Phase Main concern Typical output
Design Fit and trade-offs ADRs, diagrams, review notes
Build Reproducibility IaC, policy, pipeline definitions
Deploy Change safety Promotion gates, approvals, rollback plans
Operate Service health SLOs, dashboards, runbooks, incident records
Evolve Continued fitness Updated ADRs, redesign backlog, deprecations

When to revisit architecture decisions

[Inferred] The need to revisit architecture usually follows a material change in business or technical context. Common triggers include:

  • major traffic growth or tenant mix change,
  • new compliance or data residency constraints,
  • repeated incidents with the same dependency or failure mode,
  • cost growth that outpaces business value,
  • platform capability changes that make a previous trade-off obsolete,
  • team topology changes that alter operational ownership.

Anti-patterns

  • Treating the first approved diagram as the final architecture.
  • Releasing architecture changes incrementally without updating decision records.
  • Accumulating exceptions that silently replace the intended operating model.
  • Waiting for a major outage before reviewing reliability or security assumptions.
  • Allowing platform changes to drift without application-team impact review.

Ownership by phase

  • Design: architects, security, platform, product, and app leaders.
  • Build: platform engineers, application engineers, and governance owners.
  • Deploy: release engineering, operations, and risk approvers.
  • Operate: app support, platform SRE, security operations, and service owners.
  • Evolve: architecture review boards, platform strategy, and workload leads.

Validation checkpoints

  • Each phase has defined outputs and exit criteria.
  • [Observed] Drift and exceptions are visible rather than hidden in tickets.
  • [Correlated] Deployment, incident, cost, and performance trends inform changes.
  • [Validated] Revisit triggers lead to actual architecture reviews.
  • [Correlated] Repeated production pain is linked back to design decisions.

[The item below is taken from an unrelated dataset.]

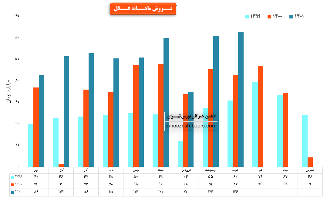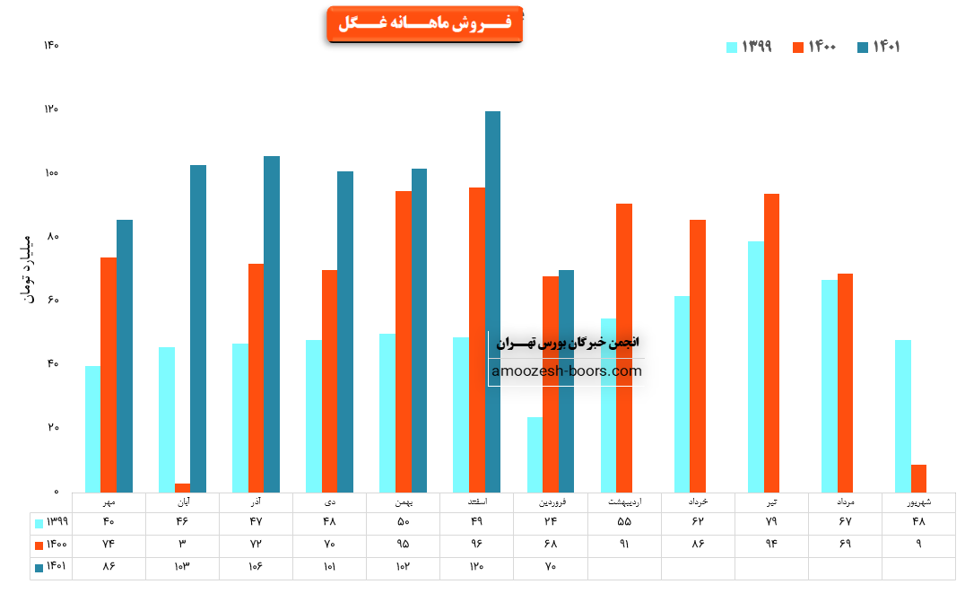 نماد غگل در خرداد ماه حدود بیش از 5600 تن از محصولات خود را به فروش رسانده که این میزان در مقایسه با حجم فروش ماه گذشته خود حدود 7% کاهش پیدا کرده است.

Practical review questions

  • What assumptions from the original design are no longer true?
  • Which operating controls exist only because the architecture is compensating for earlier constraints?
  • Has the workload outgrown its original scaling, security, or team model?
  • What decisions are becoming expensive to reverse?

Microsoft Learn references

Takeaway

[Validated] The best architecture lifecycle is a deliberate loop: decide, encode, operate, learn, and revisit before production pressure makes redesign unavoidable.